■ **What is required**:
The listing below should be printed exactly, every line of it. Skip the pictures.

■ **Exercise material**:
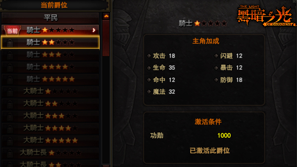 通过完成主线任务,开启爵位系统。初始爵位为平民,爵位及星级会显示于角色名字之上。爵位共有10级,从低到高分别为骑士、大骑士、大骑士长、勋爵、男爵、子爵、伯爵、侯爵、公爵、大公爵。爵位越高,角色属性加成越来越多,日积月累之后,当达到大公爵的时候,会获得大量的属性加成。
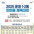 [경기핫타임뉴스=김형철 기자] 운정1·2동 체육회는 오는 25일 운정체육공원(가람로 150번길 41-33)에서 ‘2025 운정1·2동 한마음 체육대회’를 개최한다고 밝혔다. 이번 2025 운정1·2동 한마음 체육대회는 작년에 이어 두 동이 함께 개최하면서 운정 1·2동 주민들의 건강증진과 화합을 이루는 데 중점을 뒀다. 행사는 오전 10시 40분 개회식을 시작으로, ▲어린이 장애물 달리기 ▲신발 양궁 등 온 가족이 즐길 수 있는 다양한 체육 프로그램이 진행될 예정이다. 또한 ▲고고장구 ▲태권도 시범단 ▲거리 공연 ▲파주시 홍보대사 김설·김성대의 축하공연이 더해져 풍성한 볼거리를 제공한다. 지역사회에서 후원한 다양한 경품도 준비되어 있으며, 참가자들의 편의를 위해 주요 아파트 단지 앞에서 승차할 수 있는 순환 버스를 운영할 계획이다. 이대영 운정2동 체육회장은 “같은 생활권을 가진 운정1동과 운정2동 주민들이 한자리에 모여 여유를 즐기고 화합할 수 있는 장이 될 수 있도록 열심히 준비했다”라며 “행사가 성공적으로 운영될 수 있도록 주민들의 많은 참여를 부탁드린다”라고 전했다.
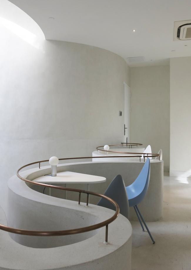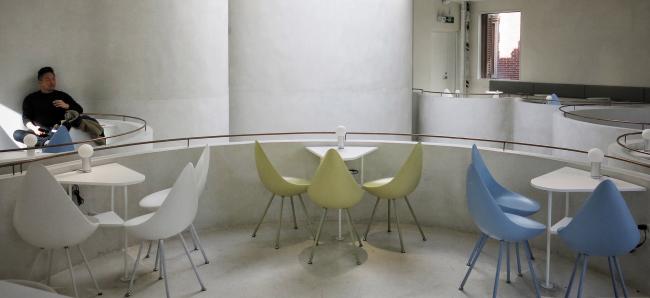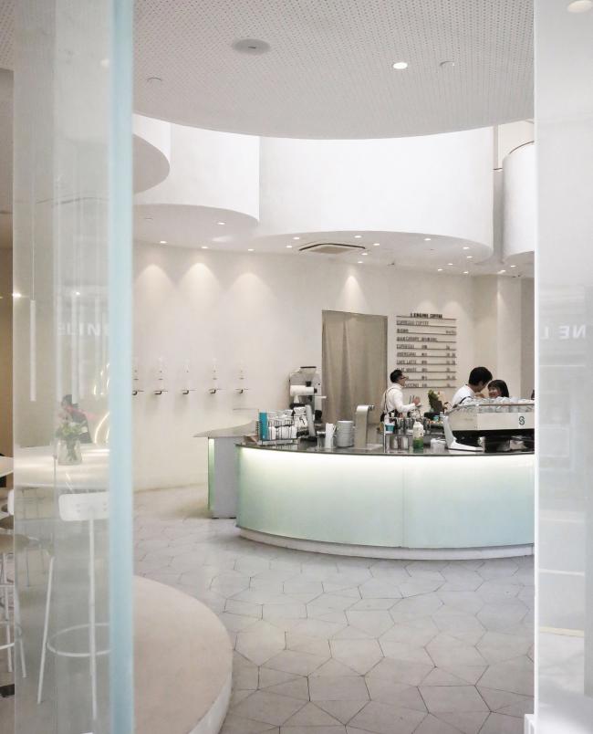 在色彩上,咖啡馆以白色为主。人们视线的焦点可以在纯净的空间中自由地安放。宁静的色彩留给人们一个想象的空间。
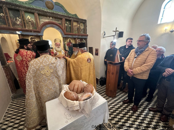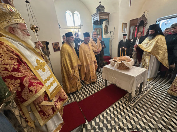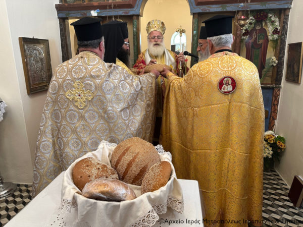 Ο Σεβ. Μητροπολίτης Ιεραπύτνης και Σητείας κ. Κύριλλος χοροστάτησε στην ακολουθία του Όρθρου και στη συνέχεια ιερούργησε, κήρυξε τον θείο λόγο, αναφερόμενος στον οσιακό βίο και την προσωπικότητα του τιμωμένου τοπικού μας αγίου και ευλόγησε τους άρτους.
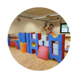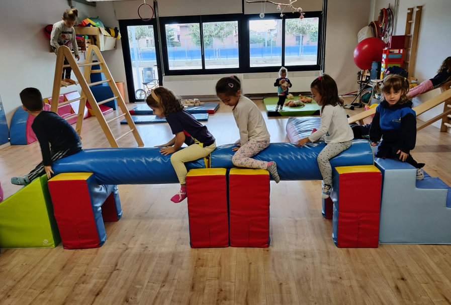 A l’espai mou-te explorem el nostre cos amb material molt divers ( blocs tous, escales, barres d’equilibri, pilotes, cèrcols,…) partint de  la filosofia d’ Aucouturier.
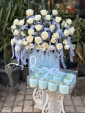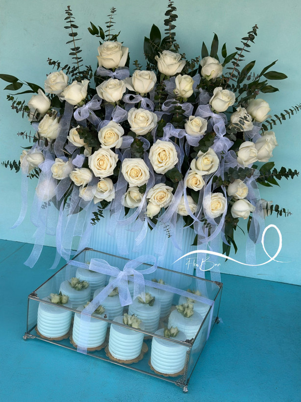 باکس گل و کاپ کیک خواستگاری سفید آبی فلوبار
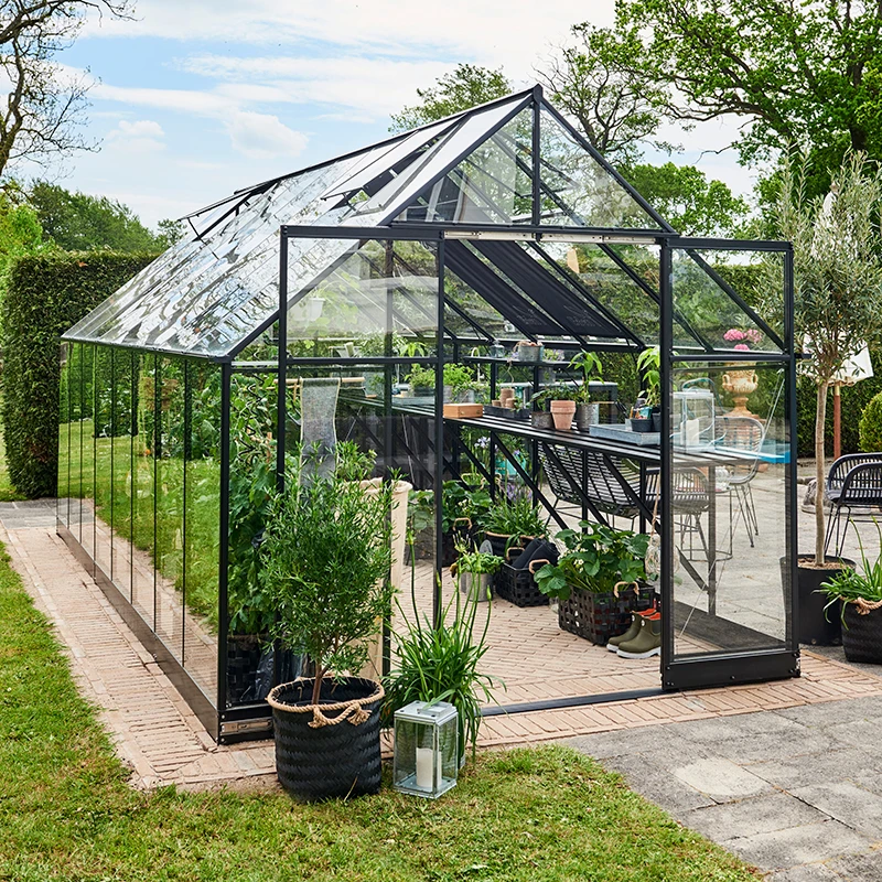 VĂ€xthuset har stabila dubbeldörrar med en glidskena utan hjul vilket gör de lĂ€tta att öppna. Du behöver aldrig kliva över en hög tröskel och kan enkelt rulla in med en skottkĂ€rra eller liknande.Â
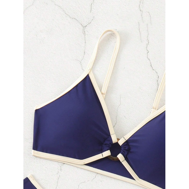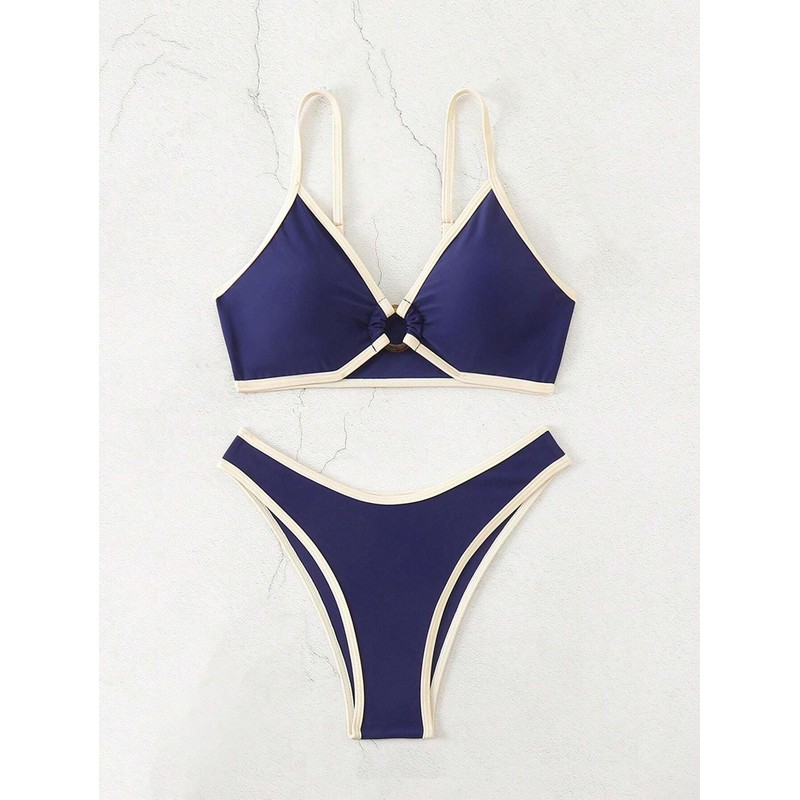 Fanuerg Women's Triangle Bikini Sets Circle Ring Linked Two Piece Swimsuit Color Block Cheeky Bathing Suit Navy Blue M
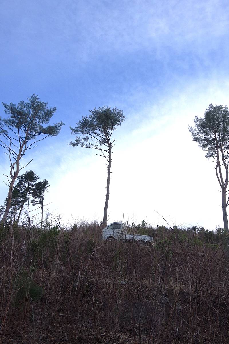 前方に意識を集中していたところ、いまいる道のすぐ上の急斜面に軽トラを見つけて驚いた。
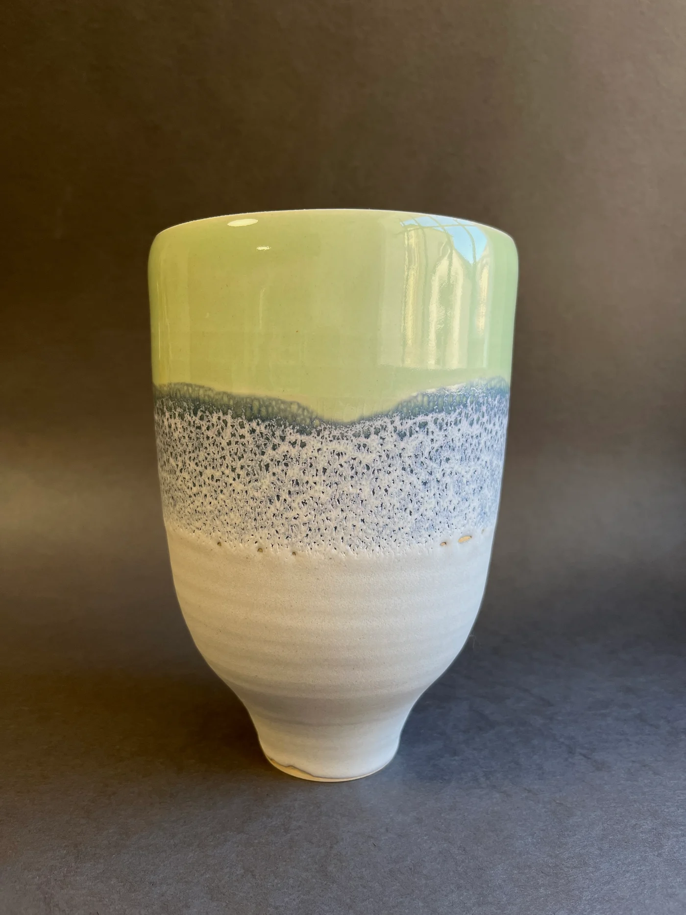 Fabriqué à la main en grès porcelaineux, ce vase est unique, alliant beauté et fonctionnalité. Le mélange des teintes évoque les profondeurs marines et les horizons lointains, apportant une note de fraîcheur à votre espace.
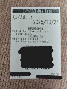 入り口のすぐそばには券売機があり、そこでクレジットカードでワンデイパスを購入しました。支払方法は現金かクレジットカードでした(但し、富士急ハイランド内に入園すれば、電子マネー等も使えました。)。私はもちろんポイ活も兼ねてクレジットカード払いです。値段は7,500円でした。
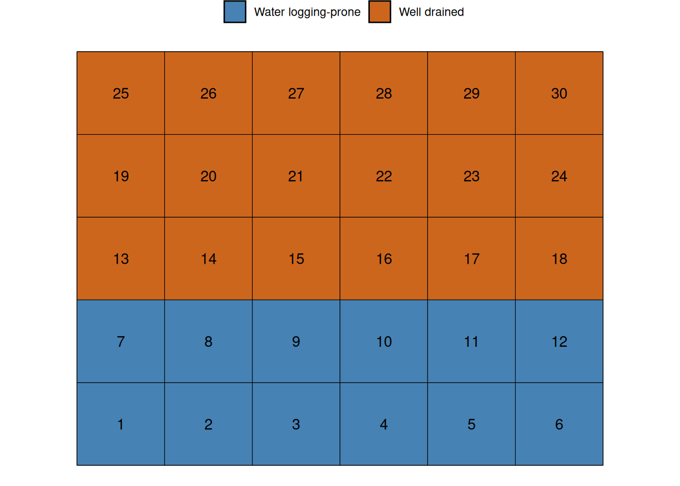 Notice that irrigation treatments are applied to groups of plots, not individual plots. This is what creates the split-plot structure and requires a different statistical model.
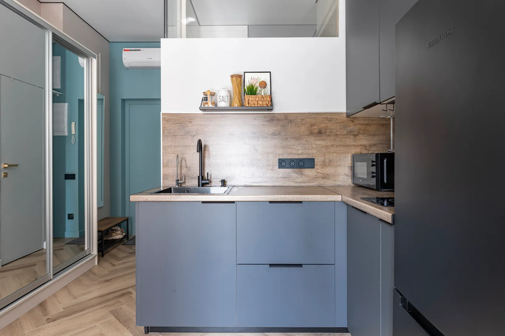 чистая, уютная студия с современным ремонтом, есть все самое необходимое, в том числе приятные мелочи по типу бутылочек воды, пакетиков чая и кофе, просторная удобная кровать и стильная ванная комната, одним словом, очень комфортное жилье
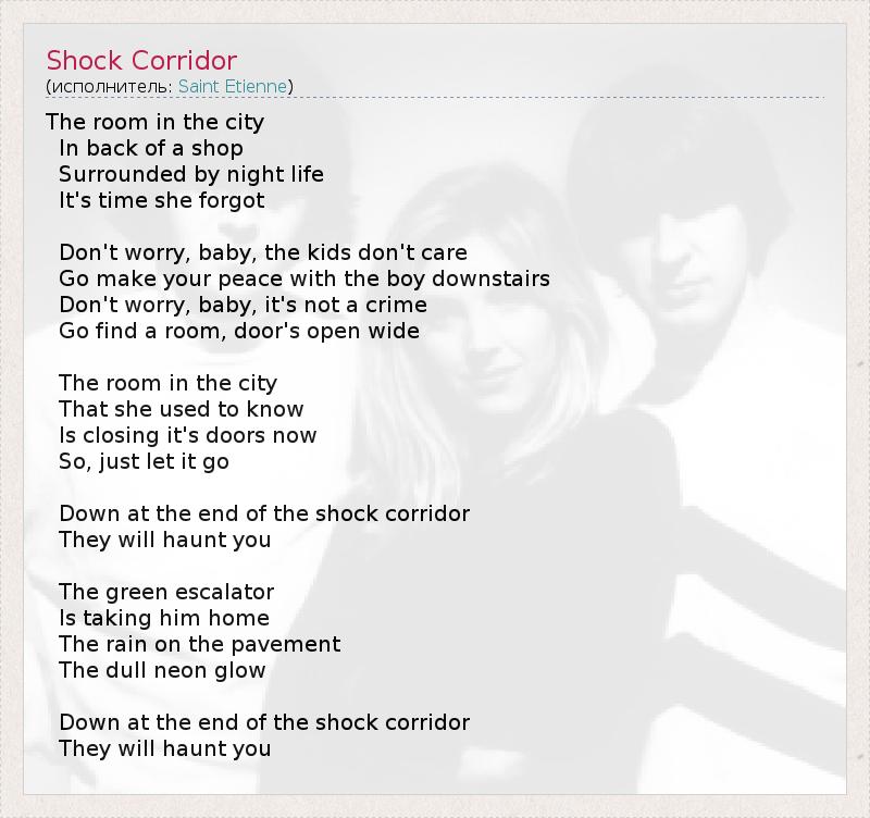 The room in the city In back of a shop Surrounded by night life It's time she forgot Don't worry, baby, the kids don't care Go make your peace with the boy downstairs Don't worry, baby, it's not a crime Go find a room, door's open wide The room in the city That she used to know Is closing it's doors now So, just let it go Down at the end of the shock corridor They will haunt you The green escalator Is taking him home The rain on the pavement The dull neon glow Down at the end of the shock corridor They will haunt you
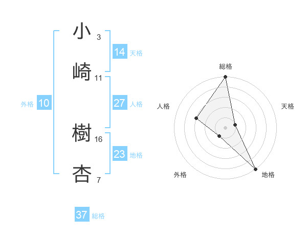 小崎 樹杏さんの総格は37画の5点!
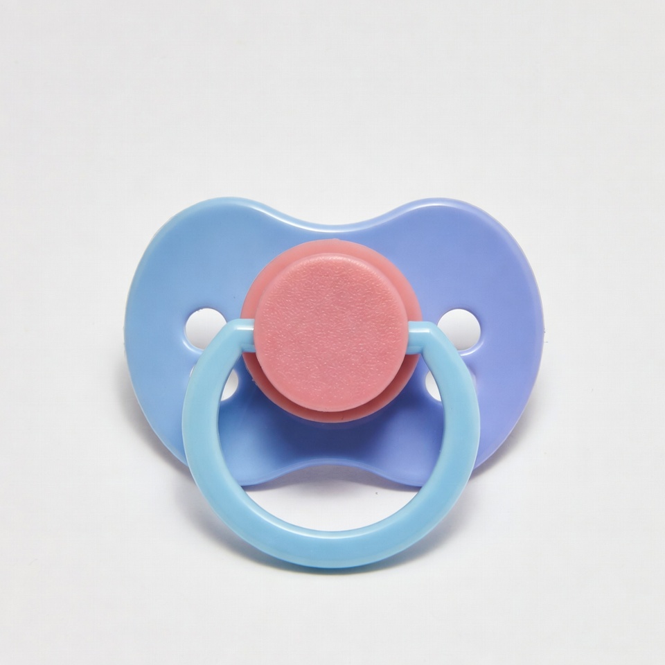 baby accessory, baby pacifier, baby product, binky, blue pacifier, dummy, infant soother, isolated background, newborn, pink nipple, soothing toy, white background, pacifier
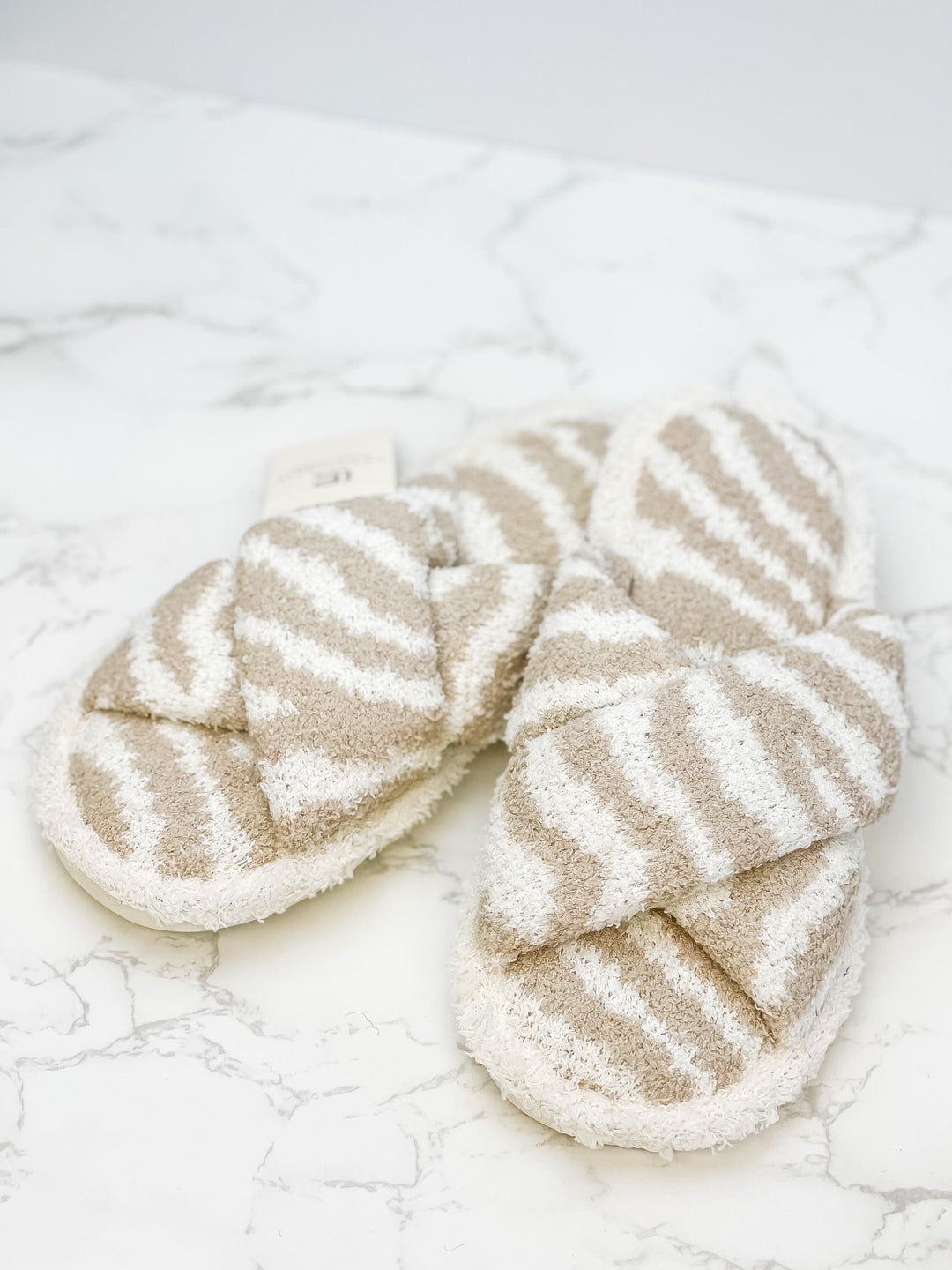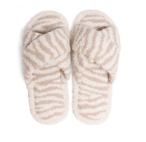 Zebra Criss Cross Fuzzy Slippers - Beige
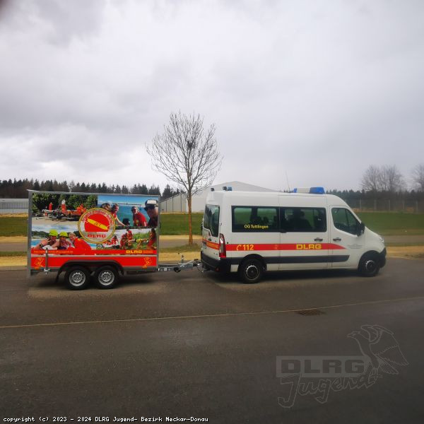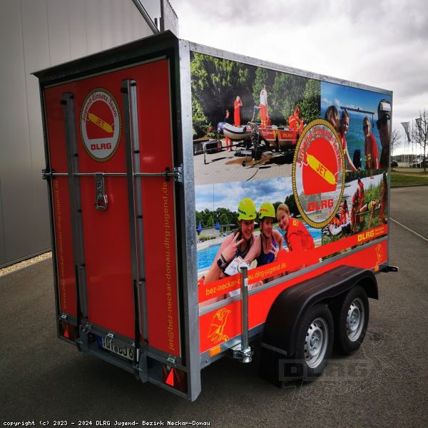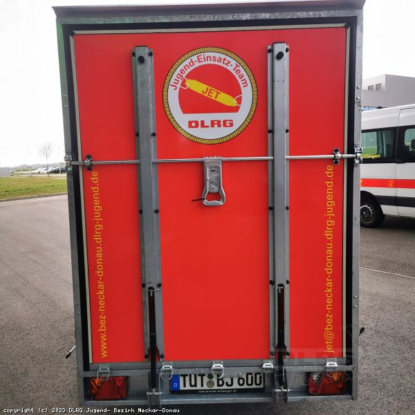 Unser JET-Anhänger beinhaltet Material für die vielfältigen Aufgabengebiete der DLRG und kann von allen Ortsgruppen im Bezirk Neckar-Donau ausgeliehen werden.

■ **Result**:
 通过完成主线任务,开启爵位系统。初始爵位为平民,爵位及星级会显示于角色名字之上。爵位共有10级,从低到高分别为骑士、大骑士、大骑士长、勋爵、男爵、子爵、伯爵、侯爵、公爵、大公爵。爵位越高,角色属性加成越来越多,日积月累之后,当达到大公爵的时候,会获得大量的属性加成。
 [경기핫타임뉴스=김형철 기자] 운정1·2동 체육회는 오는 25일 운정체육공원(가람로 150번길 41-33)에서 ‘2025 운정1·2동 한마음 체육대회’를 개최한다고 밝혔다. 이번 2025 운정1·2동 한마음 체육대회는 작년에 이어 두 동이 함께 개최하면서 운정 1·2동 주민들의 건강증진과 화합을 이루는 데 중점을 뒀다. 행사는 오전 10시 40분 개회식을 시작으로, ▲어린이 장애물 달리기 ▲신발 양궁 등 온 가족이 즐길 수 있는 다양한 체육 프로그램이 진행될 예정이다. 또한 ▲고고장구 ▲태권도 시범단 ▲거리 공연 ▲파주시 홍보대사 김설·김성대의 축하공연이 더해져 풍성한 볼거리를 제공한다. 지역사회에서 후원한 다양한 경품도 준비되어 있으며, 참가자들의 편의를 위해 주요 아파트 단지 앞에서 승차할 수 있는 순환 버스를 운영할 계획이다. 이대영 운정2동 체육회장은 “같은 생활권을 가진 운정1동과 운정2동 주민들이 한자리에 모여 여유를 즐기고 화합할 수 있는 장이 될 수 있도록 열심히 준비했다”라며 “행사가 성공적으로 운영될 수 있도록 주민들의 많은 참여를 부탁드린다”라고 전했다.
 在色彩上,咖啡馆以白色为主。人们视线的焦点可以在纯净的空间中自由地安放。宁静的色彩留给人们一个想象的空间。
 Ο Σεβ. Μητροπολίτης Ιεραπύτνης και Σητείας κ. Κύριλλος χοροστάτησε στην ακολουθία του Όρθρου και στη συνέχεια ιερούργησε, κήρυξε τον θείο λόγο, αναφερόμενος στον οσιακό βίο και την προσωπικότητα του τιμωμένου τοπικού μας αγίου και ευλόγησε τους άρτους.
 A l’espai mou-te explorem el nostre cos amb material molt divers ( blocs tous, escales, barres d’equilibri, pilotes, cèrcols,…) partint de  la filosofia d’ Aucouturier.
 باکس گل و کاپ کیک خواستگاری سفید آبی فلوبار
 VĂ€xthuset har stabila dubbeldörrar med en glidskena utan hjul vilket gör de lĂ€tta att öppna. Du behöver aldrig kliva över en hög tröskel och kan enkelt rulla in med en skottkĂ€rra eller liknande.Â
 Fanuerg Women's Triangle Bikini Sets Circle Ring Linked Two Piece Swimsuit Color Block Cheeky Bathing Suit Navy Blue M
 前方に意識を集中していたところ、いまいる道のすぐ上の急斜面に軽トラを見つけて驚いた。
 Fabriqué à la main en grès porcelaineux, ce vase est unique, alliant beauté et fonctionnalité. Le mélange des teintes évoque les profondeurs marines et les horizons lointains, apportant une note de fraîcheur à votre espace.
 入り口のすぐそばには券売機があり、そこでクレジットカードでワンデイパスを購入しました。支払方法は現金かクレジットカードでした(但し、富士急ハイランド内に入園すれば、電子マネー等も使えました。)。私はもちろんポイ活も兼ねてクレジットカード払いです。値段は7,500円でした。
 Notice that irrigation treatments are applied to groups of plots, not individual plots. This is what creates the split-plot structure and requires a different statistical model.
 чистая, уютная студия с современным ремонтом, есть все самое необходимое, в том числе приятные мелочи по типу бутылочек воды, пакетиков чая и кофе, просторная удобная кровать и стильная ванная комната, одним словом, очень комфортное жилье
 The room in the city In back of a shop Surrounded by night life It's time she forgot Don't worry, baby, the kids don't care Go make your peace with the boy downstairs Don't worry, baby, it's not a crime Go find a room, door's open wide The room in the city That she used to know Is closing it's doors now So, just let it go Down at the end of the shock corridor They will haunt you The green escalator Is taking him home The rain on the pavement The dull neon glow Down at the end of the shock corridor They will haunt you
 小崎 樹杏さんの総格は37画の5点!
 baby accessory, baby pacifier, baby product, binky, blue pacifier, dummy, infant soother, isolated background, newborn, pink nipple, soothing toy, white background, pacifier
 Zebra Criss Cross Fuzzy Slippers - Beige
 Unser JET-Anhänger beinhaltet Material für die vielfältigen Aufgabengebiete der DLRG und kann von allen Ortsgruppen im Bezirk Neckar-Donau ausgeliehen werden.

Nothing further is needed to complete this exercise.